Records supplied:
■ ■ ■ ■ ■

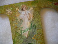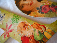 Victorian images, sparkly snowflakes, glitter and rhinestones. I added lovely scrapbook papers to the back. They
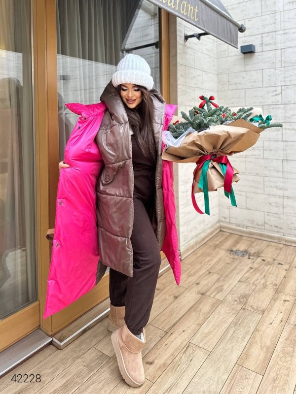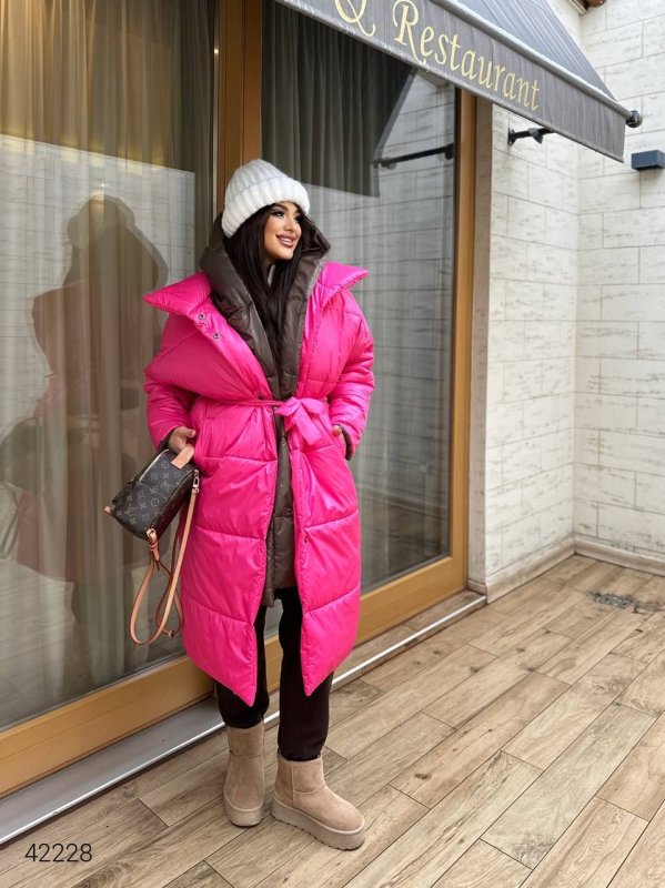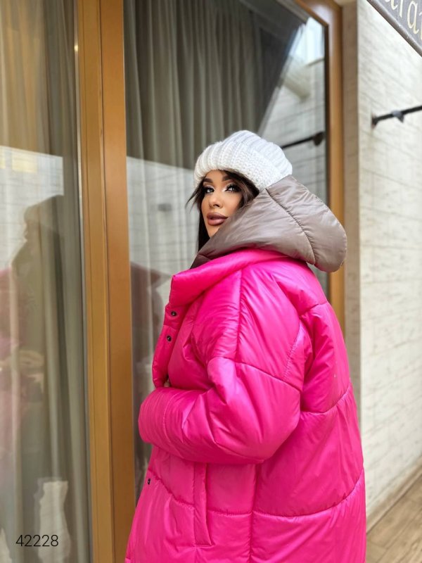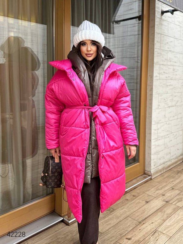 Подвійне жіноче стьобане пальто 42228 малиновий
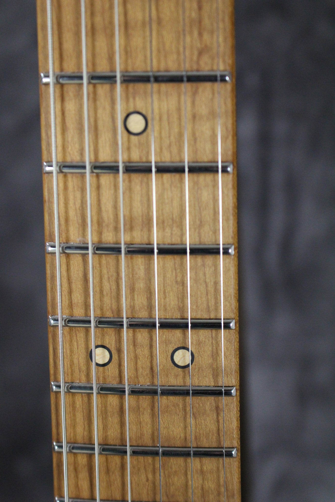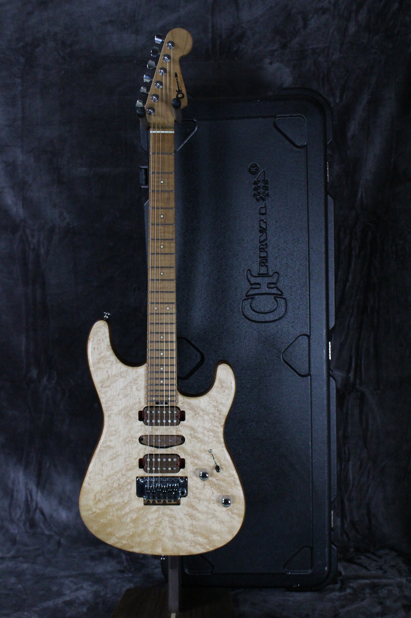 Pickups/Hardware: Charvel Custom MF Humbucking pickups, Sperzel Locking tuning keys, recessed Charvel Locking Tremolo bridge, Luminlay numbered dome control chrome knobs, bone nut.
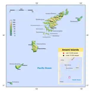 The Amami Islands (奄美諸島 Amami-shotō) are a small archipelago south of Kyushu, Japan.
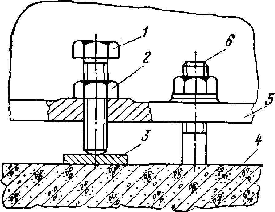 Болты, закрепляемые эпоксидным клеем, могут устанавливаться как до, так и после монтажа и выверки оборудования через отверстия в опорных частях.

■ ■ ■ ■ ■

Your answer must be the lines from the one containing "Pickups/Hardware: Charvel Custom" through the last line of the records, copied exactly, with no pictures.

 Pickups/Hardware: Charvel Custom MF Humbucking pickups, Sperzel Locking tuning keys, recessed Charvel Locking Tremolo bridge, Luminlay numbered dome control chrome knobs, bone nut.
 The Amami Islands (奄美諸島 Amami-shotō) are a small archipelago south of Kyushu, Japan.
 Болты, закрепляемые эпоксидным клеем, могут устанавливаться как до, так и после монтажа и выверки оборудования через отверстия в опорных частях.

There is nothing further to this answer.